Stoner’s marriage to Edith is bad from the start and it becomes clear that Edith has profound emotional problems, and is bitter because she cancelled a trip to Europe to marry Stoner. After three years of marriage, Edith suddenly informs Stoner that she wants a baby, becomes passionately sexual for a brief period, but after their daughter Grace is born, she remains bedridden for nearly a year. Stoner largely cares for their child alone. He grows close to her: she spends most of her time with him in his study. Stoner gradually realizes that Edith is waging a campaign to separate him from his daughter emotionally. For the most part, Stoner accepts Edith's mistreatment. He begins to teach with more enthusiasm, but still, year in and year out, his marriage with Edith remains perpetually unsatisfactory and fraught. Grace becomes an unhappy, secretive child who smiles and laughs often but is emotionally hollow.
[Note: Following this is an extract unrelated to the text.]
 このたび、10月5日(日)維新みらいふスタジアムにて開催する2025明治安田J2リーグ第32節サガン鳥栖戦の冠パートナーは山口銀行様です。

At the University, Finch becomes the acting dean. Stoner feels compelled by his conscience to fail a student named Charles Walker, a close protégé of a colleague, Professor Hollis Lomax. The student is clearly dishonest and cannot fulfil the requirements of Stoner's course but, despite this, the decision to expel or retain Walker is put on hold. After his promotion to head of the department, Lomax takes every opportunity to exact revenge upon Stoner throughout the rest of his career. A collaboration between Stoner and a younger instructor in the department, Katherine Driscoll, develops into a romantic love affair. Ironically, after the affair begins, Stoner’s relationships with Edith and Grace also improve. Edith finds out about the affair, but does not seem to mind. When Lomax learns about it, however, he begins to put pressure on Katherine, who also teaches in the English department. Stoner and Driscoll agree it best to end the affair so as not to derail the academic work they both feel called to follow. Katherine quietly slips out of town, never to be seen by him again.
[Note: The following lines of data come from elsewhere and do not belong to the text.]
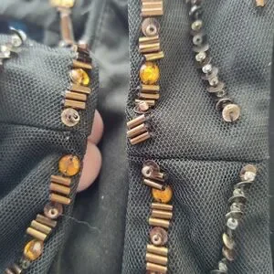 100% silk. See pic of side mark from zipper. May be missing 3 beads on right shoulder seam (left shown in pic) but no loose threads to confirm.
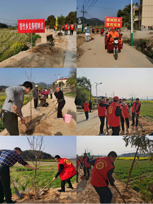植树现场,油菜花环绕,鸟鸣啾啾,微风阵阵。面对如此优美的田园风光,大家热情高涨,干劲十足。在乡党委书记孙丽的带领下,全体国家干部以及师生自由组合、分工合作,配合默契,严格按照栽种标准,确保植一棵活一棵,栽一片绿一片。放眼望去,一个个党员干部身穿红马甲,格外惹眼。大家用自己的实际行动为乡村美化种下希望的树苗,为春天到来增添一抹新绿,经过一番辛勤劳动,一株株绿植错落有致,昂然挺立,为苦竹乡安山村平添一道靓丽的风景线。
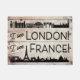 Comical doormat for greeting your unsuspecting guests. They might think twice about stepping on this hilarious entry mat. Even though you really can't see their underwear (hopefully), it's a funny way to adorn an entryway. Cool rustic faux wood finish with a black letter graphic that shows iconic places and things you would expect to see in London and France.
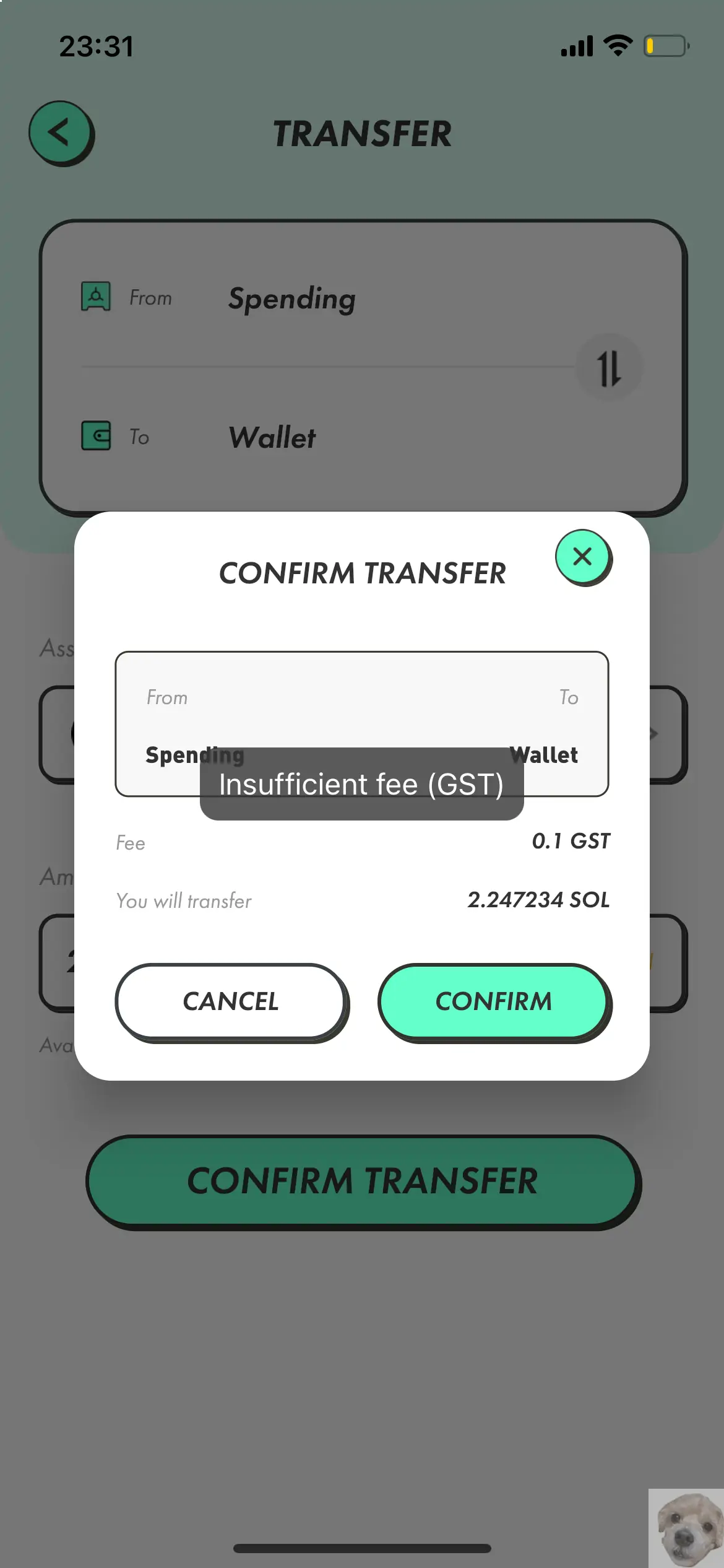 초반에 내가 GST 전량을 SOL wallet으로 다 전송해버린 탓에 스펜딩에서 SOL wallet으로 자산을 보낼 때 드는 수수료로 지불할 GST가 없는 것이었다. (그래서 위에서 GST를 소량 남겨두라고 한 것)
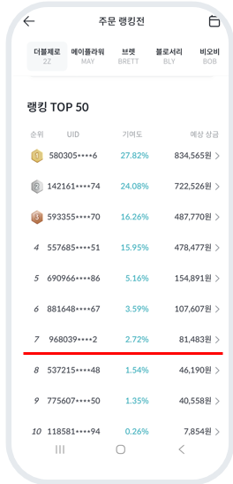(아래 랭킹 중 빨간색 선 이하는 5만원 미만으로 상금 미지급)
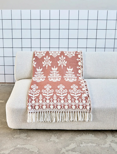 - Varm terracotta-brun farve med off-white folklore-inspireret mønster.
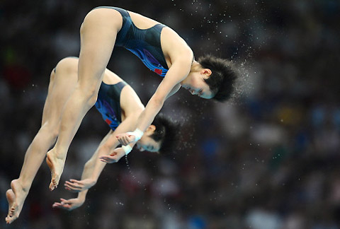 The Chinese team of Wang Xin (R) and Chen Roulin compete in the women's 10m synchronised platform diving finals held at the National Aquatics Center in the 2008 Beijing Olympic Games in Beijing on August 12, 2008. China was first, Australian second and Mexico third. [Agencies] |
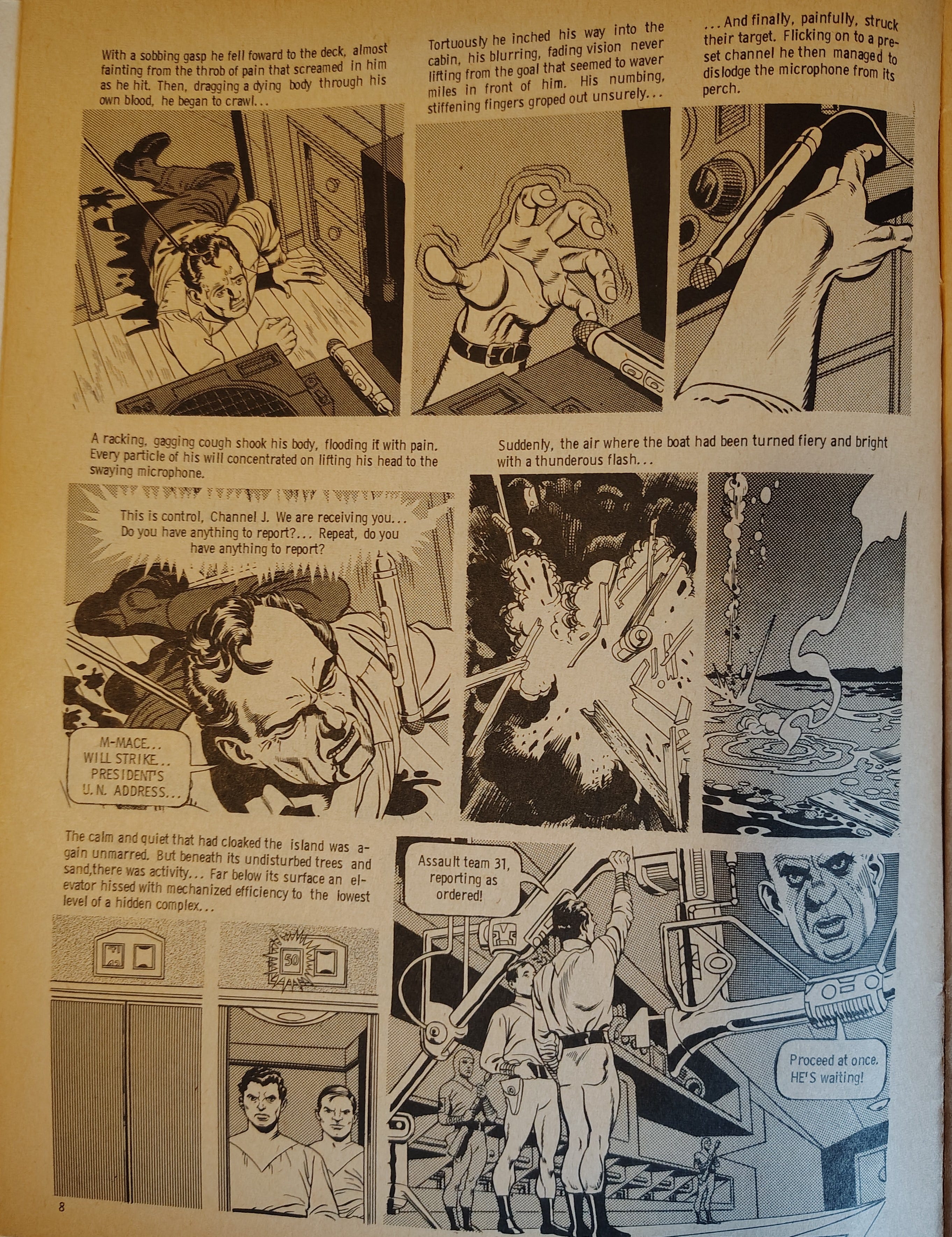 I included a few pages of the comic book here so you can see for yourself. The cartoonists here will notice how the typed captions underneath each panel slow down what should be a swift-paced opening scene. The captions describe what you can see for yourself.

Eventually, Stoner, older now and hard of hearing, is becoming a legendary figure in the English department despite Lomax's opposition. He begins to spend more time at home, ignoring Edith's signs of displeasure at his presence. Entering adulthood, Grace enrolls at the University of Missouri. The following year, Grace announces she is pregnant and marries the father of her child--but he enlists in the army and dies before the baby is born. Grace goes to St. Louis with the baby to live with her husband's parents. She visits Stoner and Edith occasionally, and Stoner realizes that Grace has developed a drinking problem.
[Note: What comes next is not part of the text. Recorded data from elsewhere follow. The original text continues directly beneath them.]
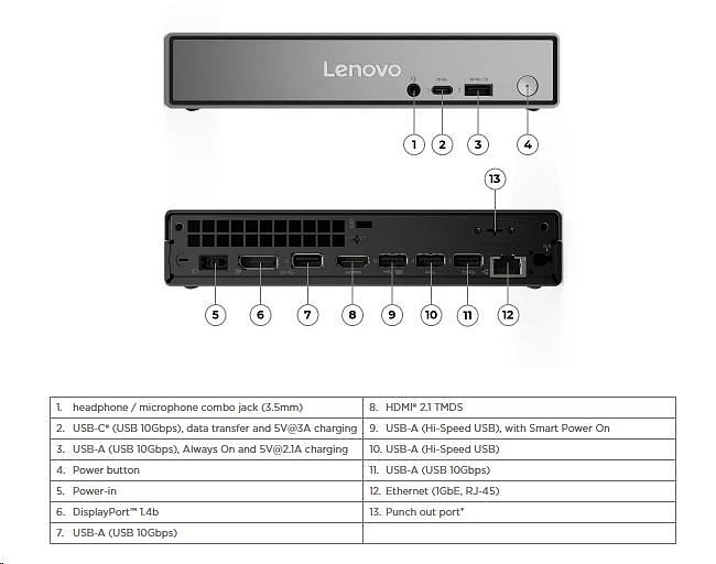 | Predné porty | 1x USB-C® (USB 10Gbps / USB 3.2 Gen 2), with data transfer and 5V@3A charging 1x USB-A (USB 10Gbps / USB 3.2 Gen 2), with Always On and 5V@2.1A charging 1x headphone / microphone combo jack (3.5mm) |
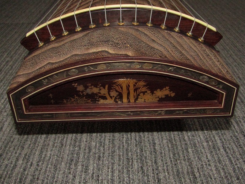 | 高級 演奏会用 琴 くり甲 13弦 綾杉彫り 玉緑包み 在銘 彫金蒔絵 十三弦 箏 和楽器 ij12-8363[GGG] | |
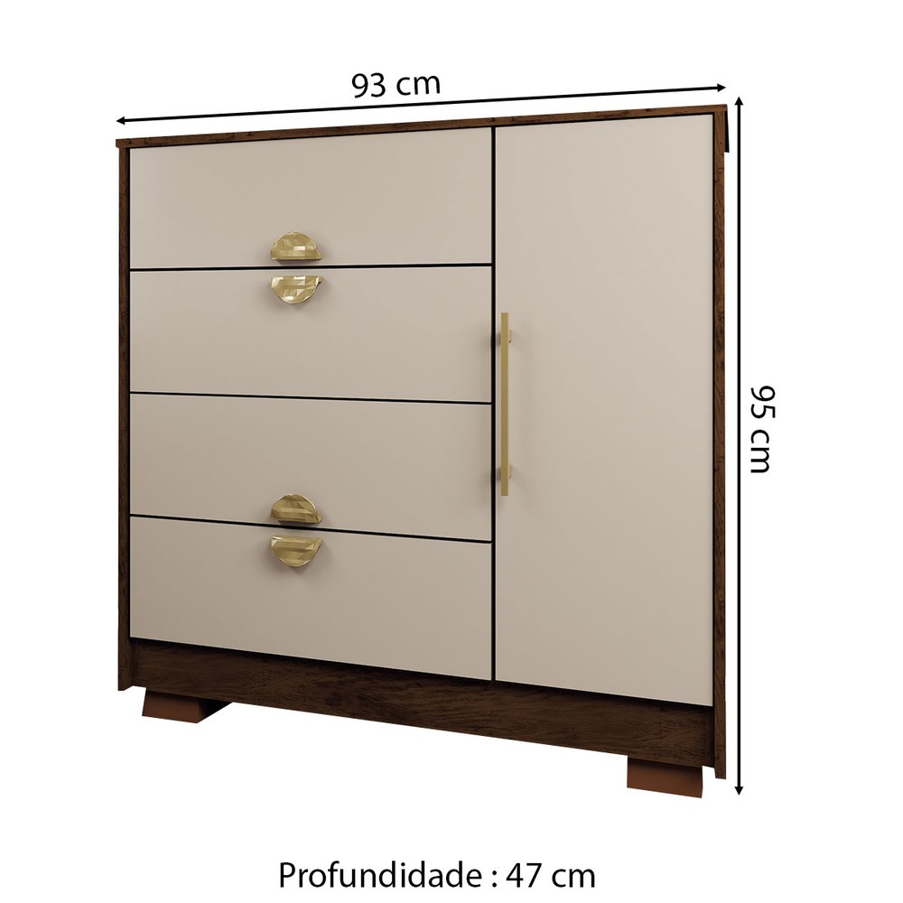 Cômoda Sapateira Búzios 1 Porta 4 Gavetas Imbuia/Fendi - Panorama Móveis

As Stoner’s life is coming to an end, his daughter Grace comes to visit him. Deeply unhappy and addicted to alcohol, Grace halfheartedly tries to reconcile with Stoner, and he sees that his daughter, like her mother, will never be happy. When Grace leaves, Stoner feels as though the young child that he loved died long ago. Stoner thinks back over his life. He thinks about where he failed, and wonders if he could have been more loving to Edith, if he could have been stronger, or if he could have helped her more. Later, he believes that he is wrong to think of himself as a failure. During an afternoon when he is alone, he sees various young students passing by on their way to class outside his window, and he dies, dropping his copy of the one book that he published years earlier as a young professor.